Last week, while giving a seminar, I suddenly felt as if the sentences coming out of my mouth weren't mine. And the brain controlling that mouth didn't seem to be mine either. This was not the first time I had suffered 'imposter syndrome'.

Although not officially recognized as a psychological disorder, it might have been if doctors had used me as a case study a few years back. Whether I had success in sub-cloning a long DNA fragment or fashioning a unique experimental design, I would usually attribute such accomplishments to luck.

I was relieved to discover that imposter syndrome is widespread in academia: sometimes successful people are unable to accept that their accomplishments are deserved. In extreme cases, I've heard it can lead people to avoid challenges altogether, for fear of failure. Fortunately, I have never suffered to that extent.

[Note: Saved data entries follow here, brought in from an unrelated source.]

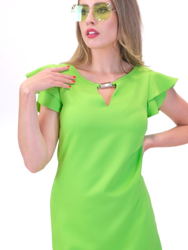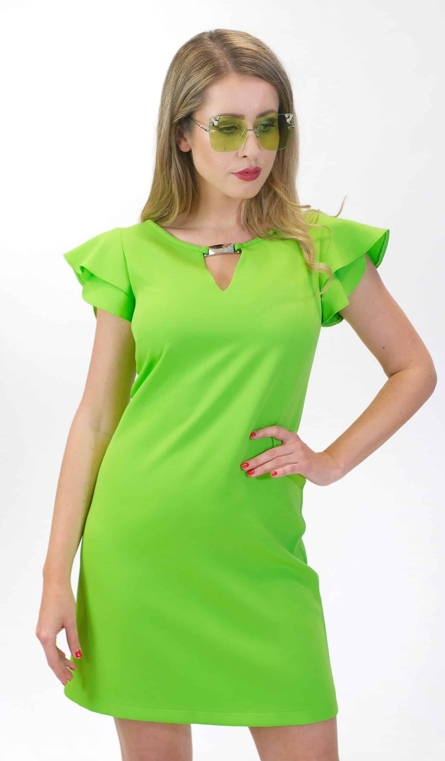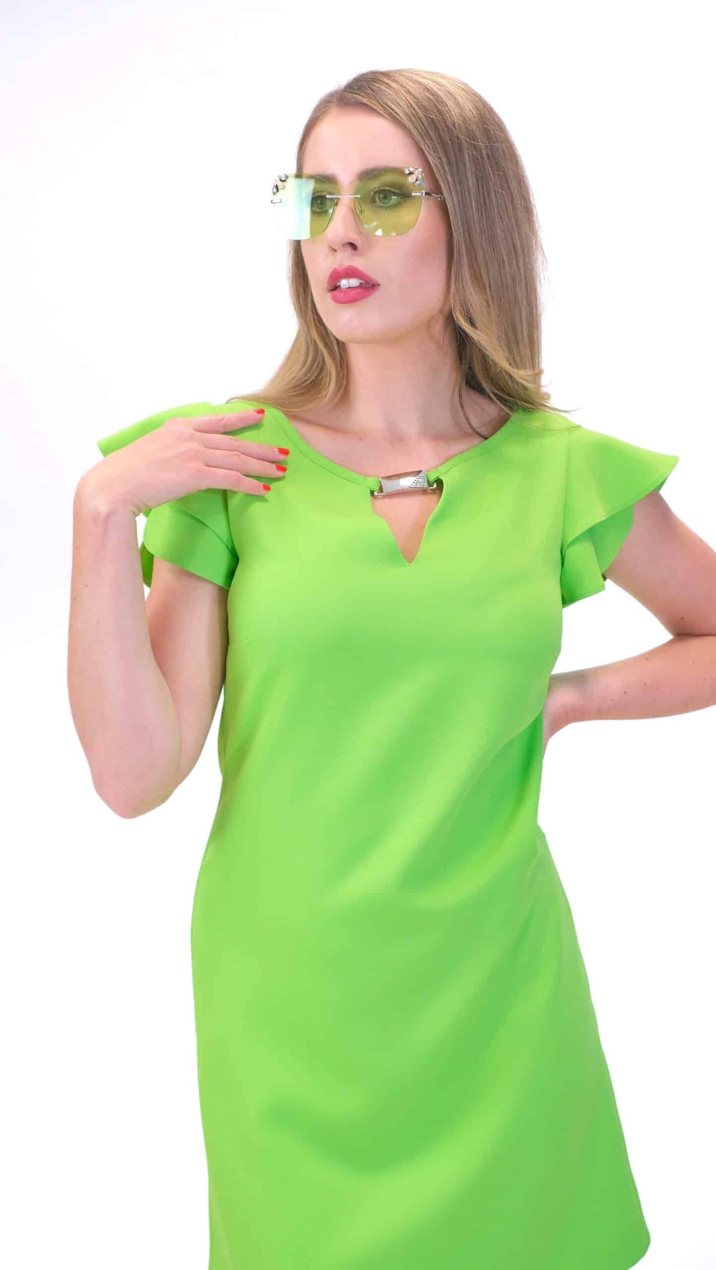 Šaty sú navrhnuté v jednoduchom áčkovom strihu, ktorý výborne sadne na každý typ postavy. Šaty sú ušité s romantickými volánovými rukávmi a výborne ich dokážete nosiť celodenne, to znamená, že Vám rovnako dobre poslúžia počas dňa v práci ako aj na oslave s vhodnými doplnkami. Zaujímavým detailom je ozdobná spona vo výstrihu, ktorá šatám dodáva šmrnc. Šaty sú ušité v žiarivej zelenej farbe a ľahko ich skombinujete s letnými farbami ako cyklámenová, žltá alebo modrá.
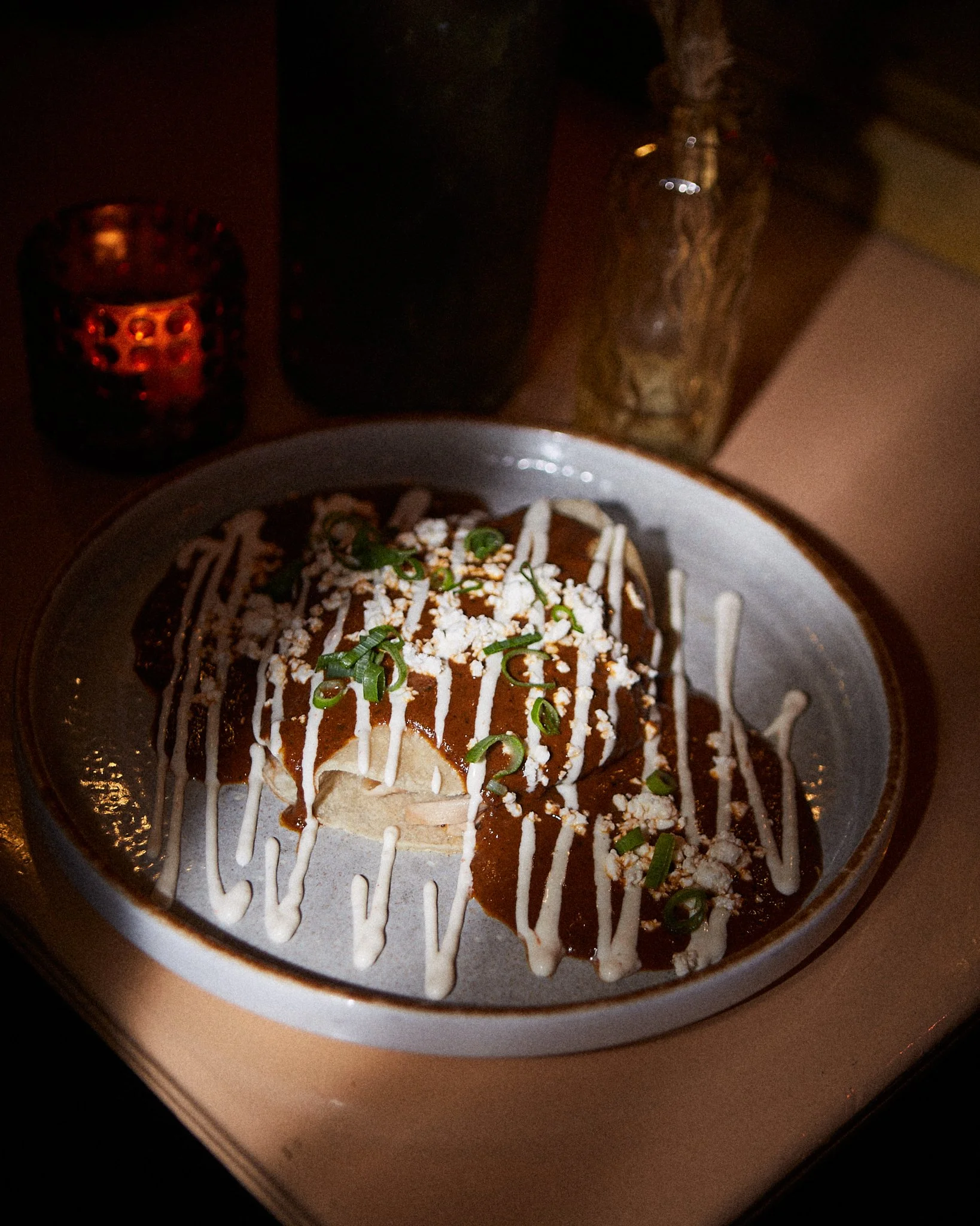 Chicken enchiladas in traditional mole sauce, crema, panela cheese
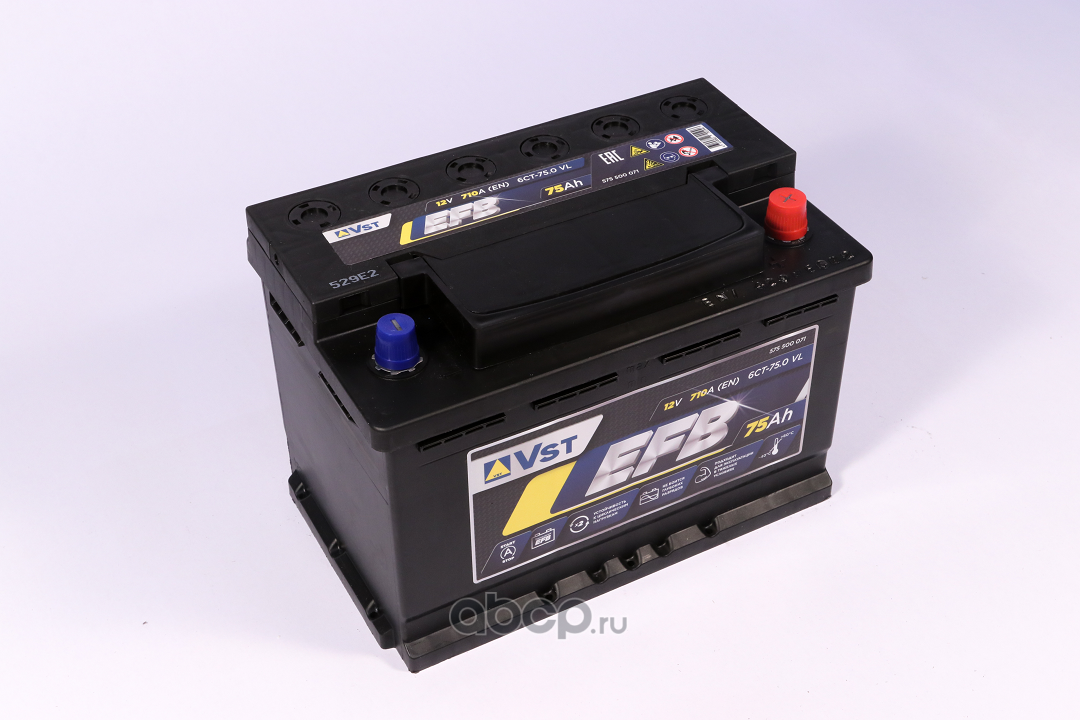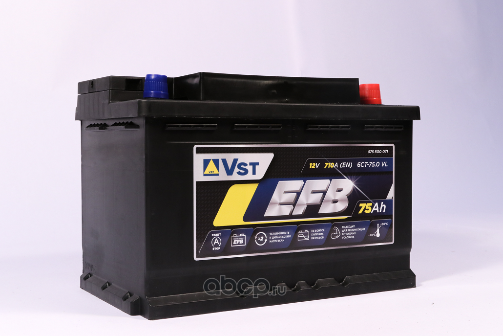 | VST | 575500071 | Батарея аккумуляторная 75А/ч 710А 12В обратная полярн. стандартные (Европа) клеммы | ||
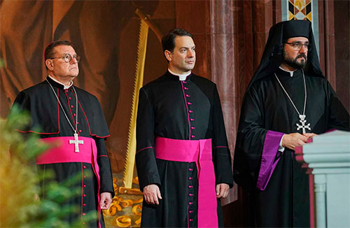 Также среди присутствующих были представители Римско-Католической Церкви: митрополит архиепархии Божией Матери в Москве архиепископ Павел Пецци; советник апостольской нунциатуры в Российской Федерации монсеньор Мислав Ходжич; викарий архиепископа Армянской Католической Церкви для России протоархимандрит Петрос Есаян.
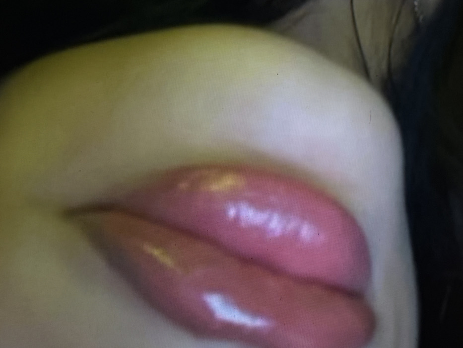 This image presents a tight, upward-angled close-up of a human mouth. The central focus is a pair of full, symmetrical lips, coated in a reflective, glossy, medium-pink substance, indicative of lipstick or lip gloss. The upper lip exhibits a slight upward curve at its center, contributing to the overall shape. The surrounding skin, visible in the upper right and lower left quadrants, is light-toned and smooth, showing no distinctive markings or blemishes. The background is uniformly dark and heavily out of focus, providing no environmental context. No other individuals, objects, or actions are discernible within the frame. The specific location within the city of Novoe Devyatkino, Russia, cannot be determined from the visual information present in the image.

In fact, what I have come to realize is that the syndrome is a mechanism to keep my ego in check. This can be a good thing. An ego can be a dangerous monster, as I found out as an undergraduate student when I alienated a few lab mates by gloating that my fruitfly genetics project was far superior to theirs. Ironically, not long after, I scored a paltry 65 on my fruitfly genetics exam. Perhaps a few recent successes explain the resurgence of the imposter in my seminar. Maybe it's time my ego was tamed once again.